Он каждую минуту – и на людях, и когда был один – ощущал недовольство окружающих, ловил тяжелые, хмурые взгляды, читал в глазах невысказанный вопрос: а чего, собственно, мы бурим пустую землю? Никчемушная ведь работа, за которую даже детишек по головке не гладят, не то что взрослых. Ответьте, товарищ руководитель! Корнеев терпел, молчал: это действительно было недовольством, а не неким плодом его болезненно разыгравшегося воображения, когда начинает чудиться, что каждый камень на дороге становится непреодолимым препятствием. Все было верно: люди должны знать, во имя чего они работают.
Шло бурение.
Пробурена одна тысяча девятьсот девяносто метров.
Две тысячи сто.
Две тысячи двести двадцать.
Две тысячи двести пятьдесят.
А результаты нулевые.
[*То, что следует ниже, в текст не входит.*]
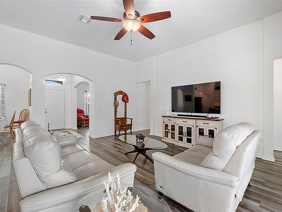 The desirable split floor plan offers privacy and functionality, while the open layout flows effortlessly into a spacious screened-in patio and saltwater pool, perfect for year-round entertaining.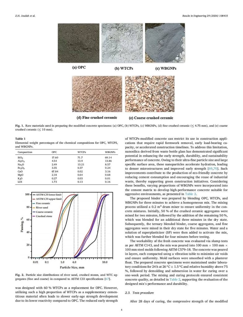 تم تصنيع خرسانة صديقة للبيئة باستبدال الركام الطبيعي بالكامل بركام من مخلفات السيراميك ، مع استبدال 60٪ من الإسمنت البورتلاندي بمسحوق مخلفات السيراميك، وإضافة جسيمات نانوية من السيليكا المستخلصة من زجاج القوارير بنسب مختلفة. جرى تقييم أداء الخرسانة بعد تعريضها لمدة 6 و12 شهرًا لمحاليل حمض الكبريتيك والكبريتات بتركيز 10٪.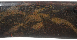 Modello di Katana con fodero in cuoio inciso con dragoni, XX secolo, cm 102, (difetti)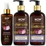 Get strong and lustrous hair with WOW Skin Science onion black seed oil shampoo conditioner & hair oil. This ultimate onion oil hair kit may help tackle hair loss scalp buildups and dull weak hair. These three products formulated with natural ingredients helps strengthen hair follicles and clarify blocked roots. It is infused with red onion extract with strong properties that help protect the scalp and hair promotes blood circulation to the roots. Black seed oil rich in fatty acids nourishes scalp and roots. Sweet almond oil keeps the scalp and hair conditioned. It can be used to hydrate the roots and scalp and help make hair look healthy and lustrous. Red onion extract black seed oil aid in rejuvenating tired scalp and weak hair. Suitable for all hair types this shampoo cleanses and moisturizes your hair and scalp and helps to improve hair texture. Use this ultimate onion oil hair kir to help improve hair texture and strengthen the strands. HOW TO USE WOW SKIN SCIENCE ONION BLACK SEED HAIR OIL : Pump out 2 tablespoons of the onion hair oil. Gently massage onto scalp and work from root to tip. Leave on for at least 30 min preferably overnight. Shampoo hair. Finger comb and air dry.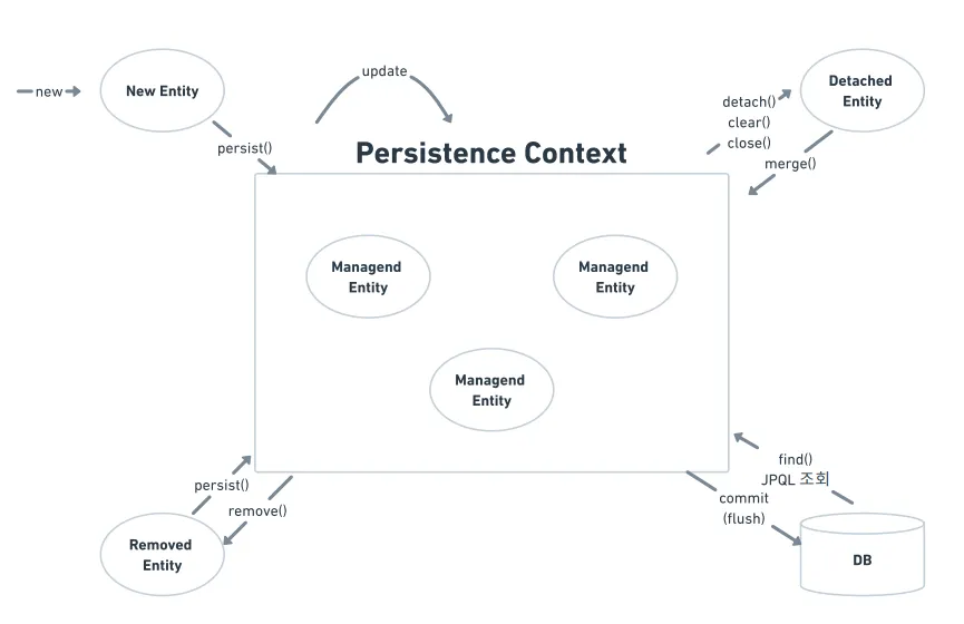 - JPA(Java Persistence API)에서 영속성 컨텍스트는 엔티티(Entity)를 관리하는 공간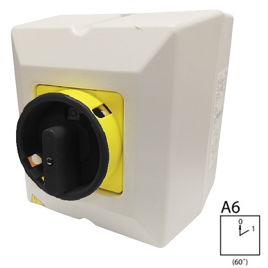 SEZ S32 JPU 1106 A6 Vačkový spínač v krytu IP65, uzamykatelný na visací zámky 32A, 0-1, 6P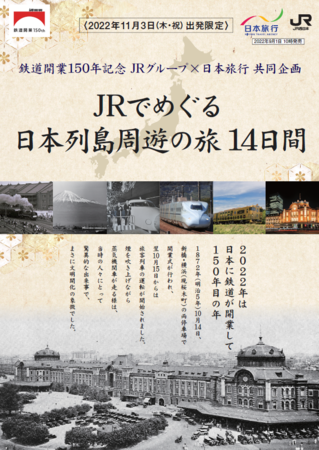 (株)日本旅行(本社東京都中央区、小谷野悦光代表取締役社長)は、JRグループから発表している「鉄道開業150年キャンペーン」を記念する旅行商品として、日本列島をJRの列車を中心に14日間で周遊する特別企画「JRでめぐる日本列島周遊の旅 14日間」を9月1日より発売する。
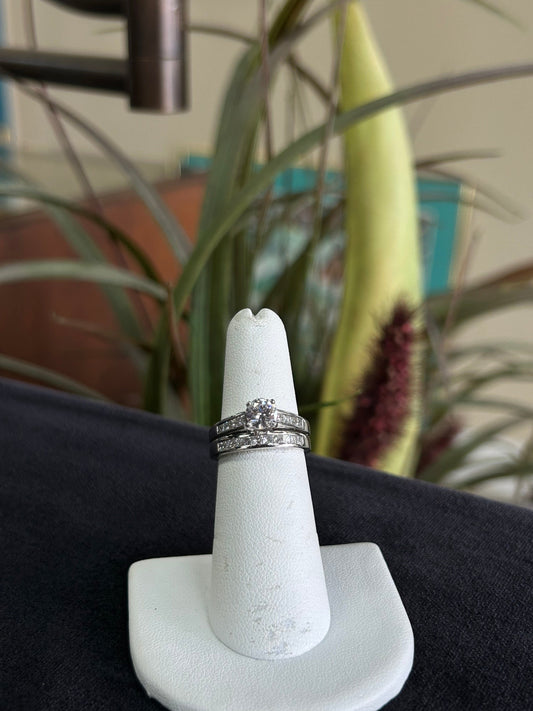 Princess Cut Center stone with Baguette Side Stones Two Toned Engagement Ring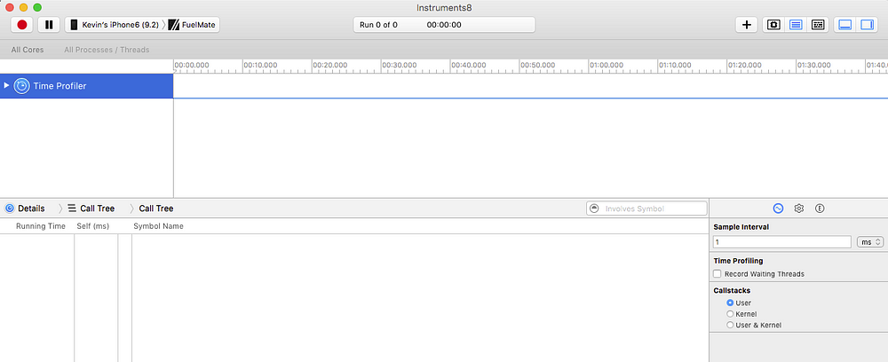 그러면 Time Profiler 뷰 설정으로 초기 인스트루먼트 뷰를 볼 수 있습니다. 이제 실제로 프로파일러를 실행하려면 프로파일 링을 시작 레코드 단추를 클릭해야합니다. 어떤 이유로 인해 기록 버튼이 비활성화된 경우, 프로파일러 트랙 오른쪽 상단에서 이유를 알려줍니다.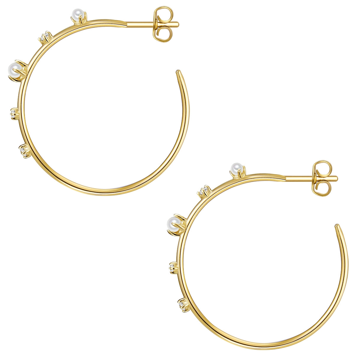 Creolen Sterling Silber gelbgold Süßwasser-Zuchtperle weiß Zirkonia weiß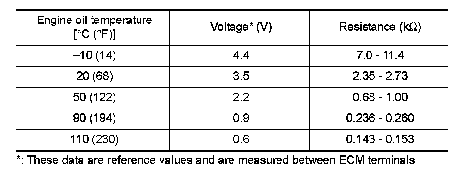 The engine oil temperature sensor is used to detect the engine oil temperature. The sensor modifies a voltage signal from the ECM.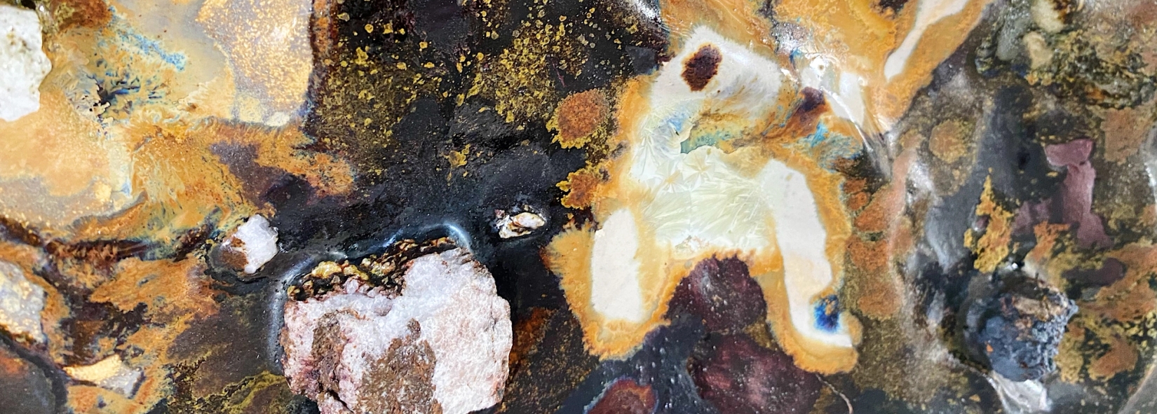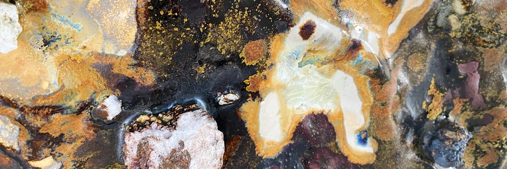Glasert steingods. Forma med avfallsstein frå gruvedrift og glasert bl.a. med krystallglasurar. Vist i gruppeutstillinga Then Leap på Ram Galleri i Oslo, 2024.

Похоже, до самого центра земной тверди, до самой середки, до расплавленной кипящей лавы, которая греет наш огромный вращающийся шарик изнутри, будет глина – рыжеватая, когда-то липко мнущаяся масса, а теперь окаменевшая, способная довести до бешенства, до отчаяния.
Болели глаза, болели руки, ноги, пальцы, крестец, плечи – кости теряли прочность от усталости, от боли и внутренней подавленности, они не в состоянии уже были держать тело собранным, в боевой готовности – каждое движение причиняло неудобство, а то и страдание.
По вечерам Корнеев делал чайные припарки глазам – помогало. Но меньше, чем раньше. Наверное, глаза привыкли уже к ним. А раз привыкли – значит, этот способ скоро станет бездейственным, надо искать что-то новое.
Две тысячи триста пробуренных метров!
Пусто. Глина. Нет бы высверкнуть зарницей какому-нибудь, хотя бы даже слабому промельку надежды, да, увы – тьма, тьма, тьма.
И все равно жизнь брала свое. Были в ней не только печали и заботы, но и радости. Воронков и Окороков дружно ухаживали за Викой – далась же им эта девчонка!
Воронков как-то всю бригаду буровую потряс: никто не знал, ни единая душа, что он пишет стихи. А Воронков, оказывается, писал. И однажды целую кипу, толстую, тяжелую, отправил в Москву, в популярный молодежный журнал, с робкой надеждой: вдруг напечатают? Там робкой его надежде дозволили воплотиться в нечто материальное – одно из стихотворений взяли да напечатали. Вся воронковская почта приходила на адрес экспедиции. Когда он получил в толстом, глиняного цвета конверте экземпляр журнала, а отдельно – четвертушку почтового извещения о том, что ему поступил денежный перевод, то долго вертел четвертушку в руках, осмысливая происшедшее и едва сдерживая улыбку, готовую завладеть всем его лицом. Воронков не сразу и сообразил, откуда этот пакет, откуда деньги?
Когда сообразил, пришел в столовую к Вике поделиться новостью:
– Надо же! Александру Сергеевичу Пушкину больше платили.
– Что так? Чем недоволен?
Воронков поднял глаза, шевелил губами, то ли сочиняя, то ли считая что-то про себя.